Eine neuerliche, noch stärkere Windböe traf ihn wie ein Faustschlag im Rücken und ließ ihn weitertaumeln, zu seinem eigenen Entsetzen auf die beiden verfeindeten Heere zu.
Er konnte nicht mehr zurück, also hörte er auf gegen den Wind anzukämpfen, sondern setzte alles auf eine Karte und rannte auf die Reiter zu. Die Verblüffung über diese so offensichtlich irrsinnige Aktion verschaffte ihm eine weitere Sekunde, in der ihm die Reiter einfach nur verwirrt anstarrten, dann aber setzten sich zahlreiche Männer und Jungen in Bewegung und sprengten auf ihn los.

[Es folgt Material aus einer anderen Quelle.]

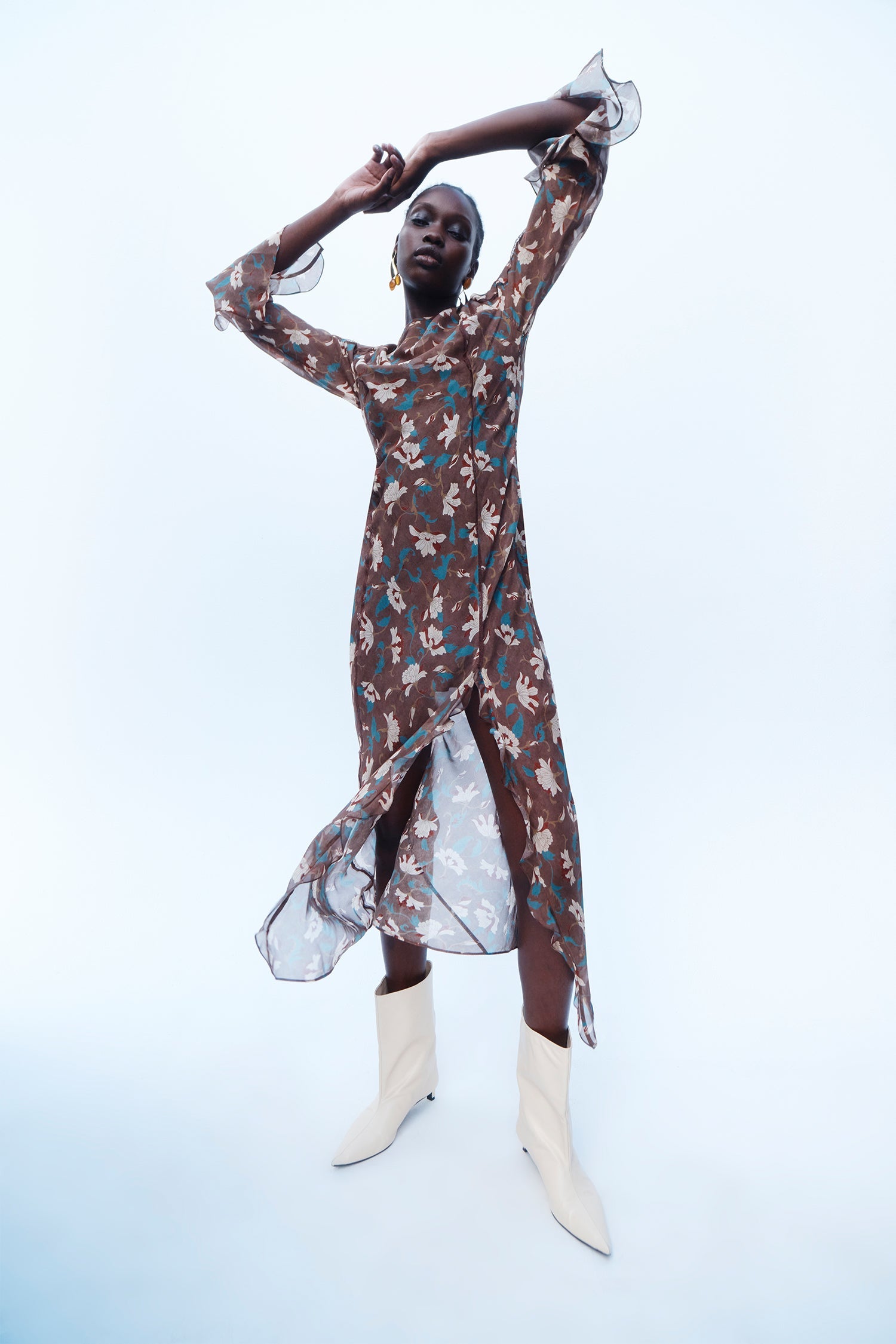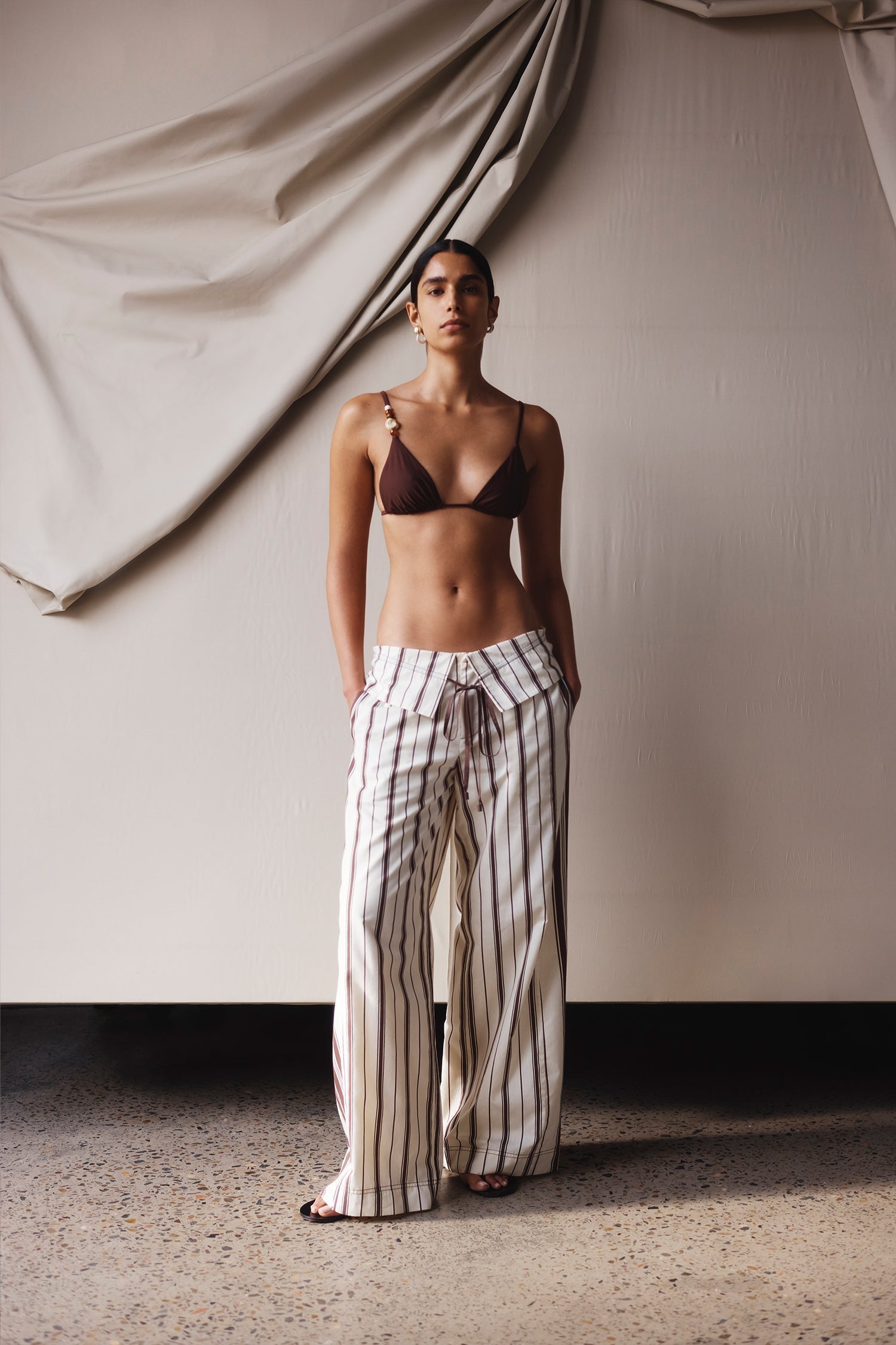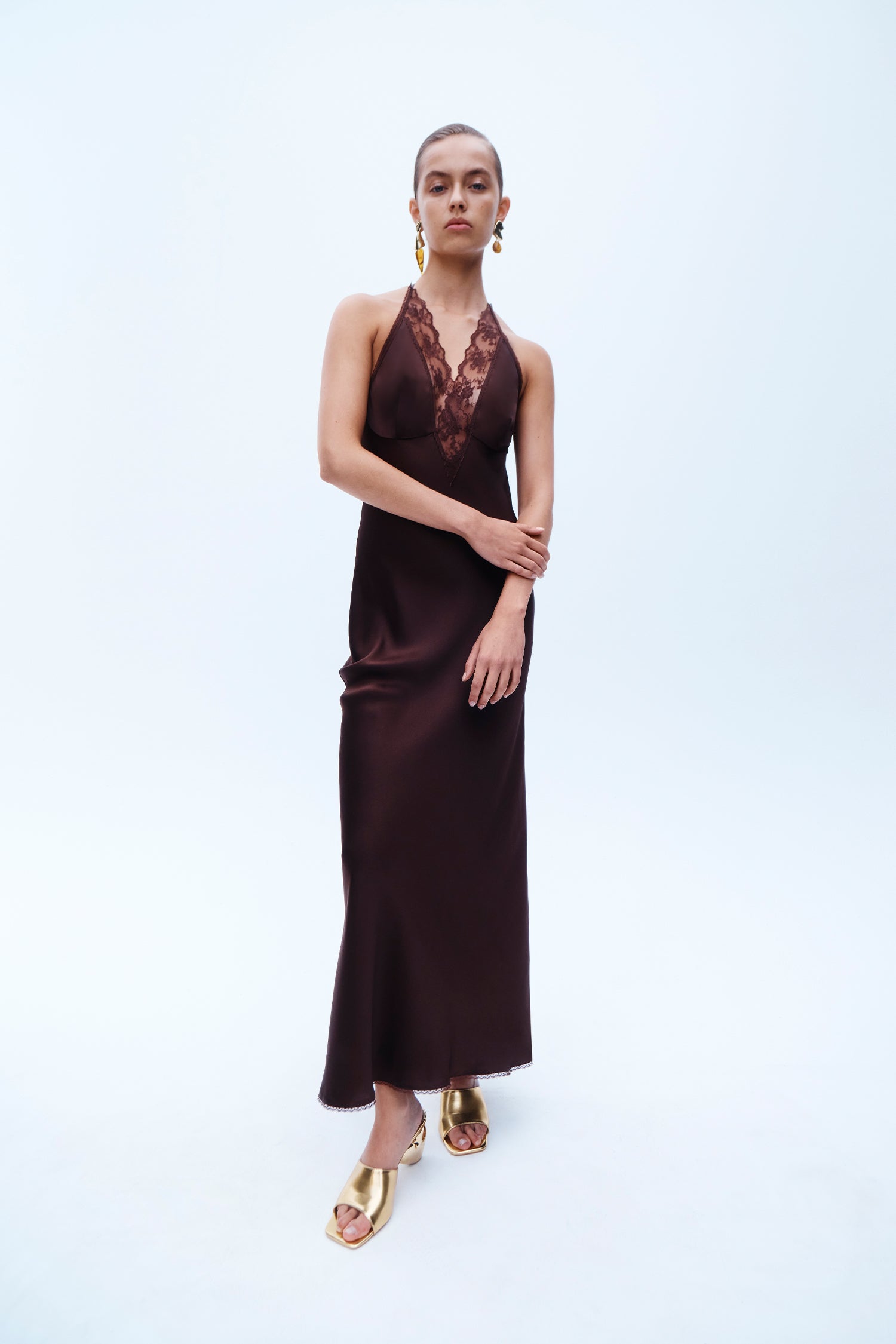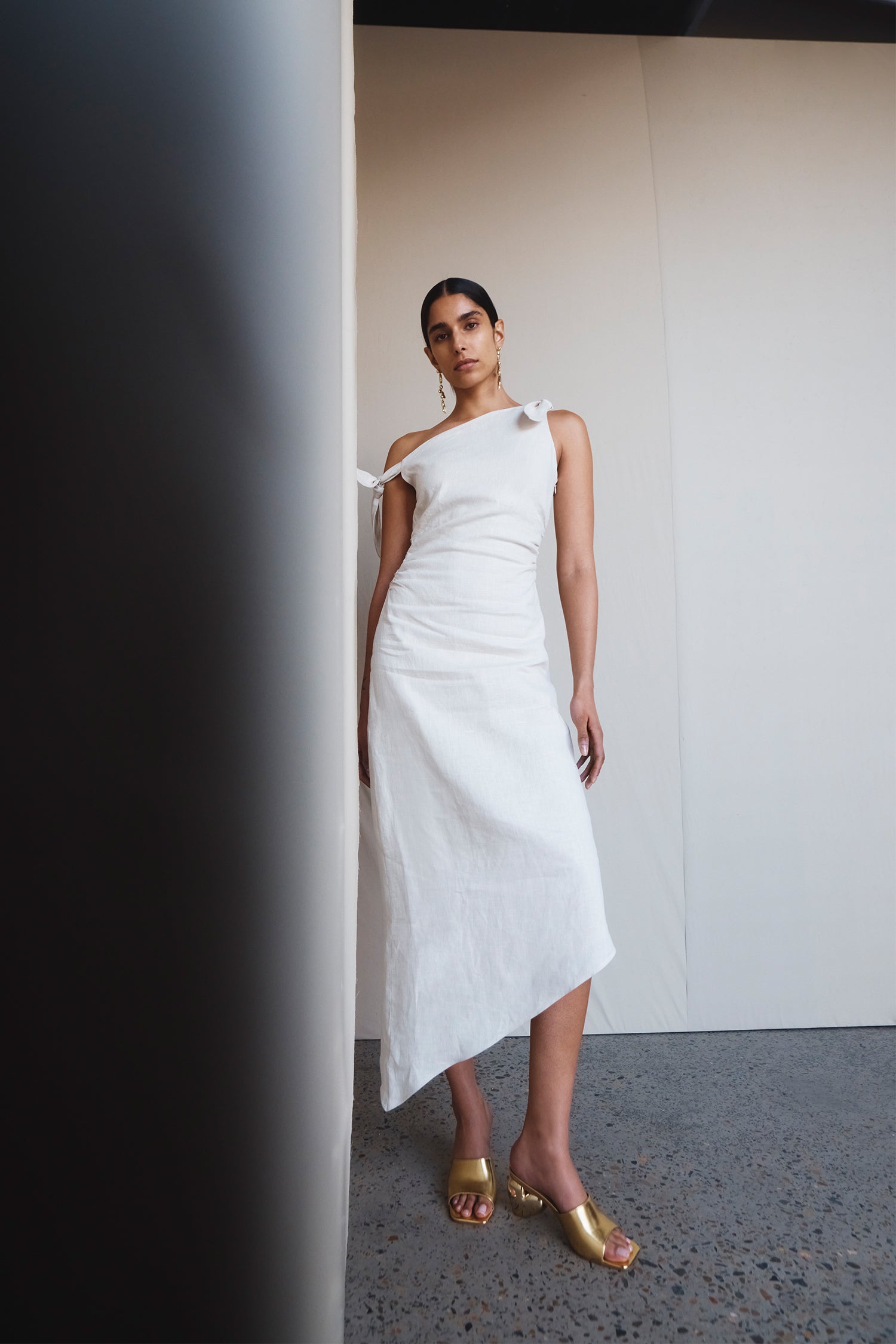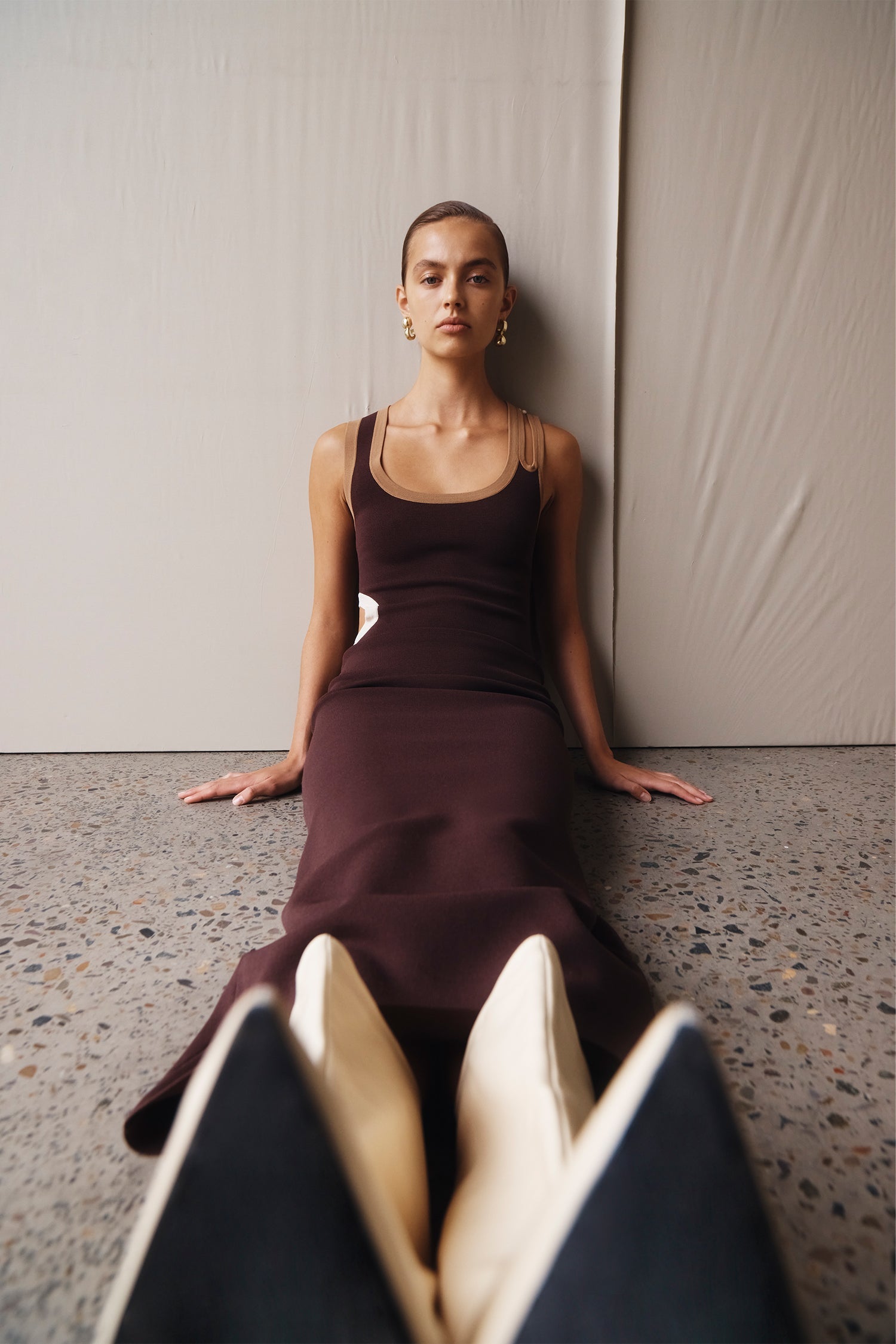 Draping techniques are used to highlight form fitting shapes, an ode to renaissance sculptures. Compact knit stories with stacked beads bring an air of movement, while mesh basics return in a new season palette expanding the brand's repertoire of elevated basics. Classic SIR. tailoring is deconstructed from traditional silhouettes and modernised with tonal hardware.

Nicht einer kam ihm auch nur nahe.
Ein gewaltiger Donnerschlag ließ die gesamte Stadt erbeben und gleichzeitig heulte ein Sturmböe über den Platz, wie Kim sie noch nie erlebt hatte. Er wurde von den Füßen gerissen und schlitterte hilflos meterweit über das gläserne Pflaster, aber er war nicht der Einzige, dem es so erging. Etliche Reiter wurden einfach aus den Sätteln geblasen, viele andere stürzten zu Boden, als sich ihre Pferde aufbäumten und sie abwarfen. Und der Sturm wurde mit jeder Sekunde stärker. Kim stemmte sich mühsam auf Hände und Knie hoch, aber nur um sofort von einer weiteren Böe gepackt und noch härter zu Boden geschleudert zu werden. Das Brüllen des Sturmes wurde zu einem Kreischen und Heulen, das jeden anderen Laut erstickte und fast in seinen Ohren wehtat. Er konnte kaum noch sehen. Rings um ihn herum herrschte das reinste Chaos. Pferde bäumten sich auf und warfen ihre Reiter ab, Männer und Jungen torkelten mit hilflos wirbelnden Armen vorüber oder schlitterten über den spiegelglatten Boden, losgerissenes Sattelzeug und Waffen flogen wie tödliche Geschosse durch die Luft. Aus dem Sturm war ein Orkan geworden und seine zerstörerische Gewalt nahm mit jeder Sekunde noch mehr zu.
Dann sah er etwas, was ihn für einen Moment an seinem Verstand zweifeln ließ.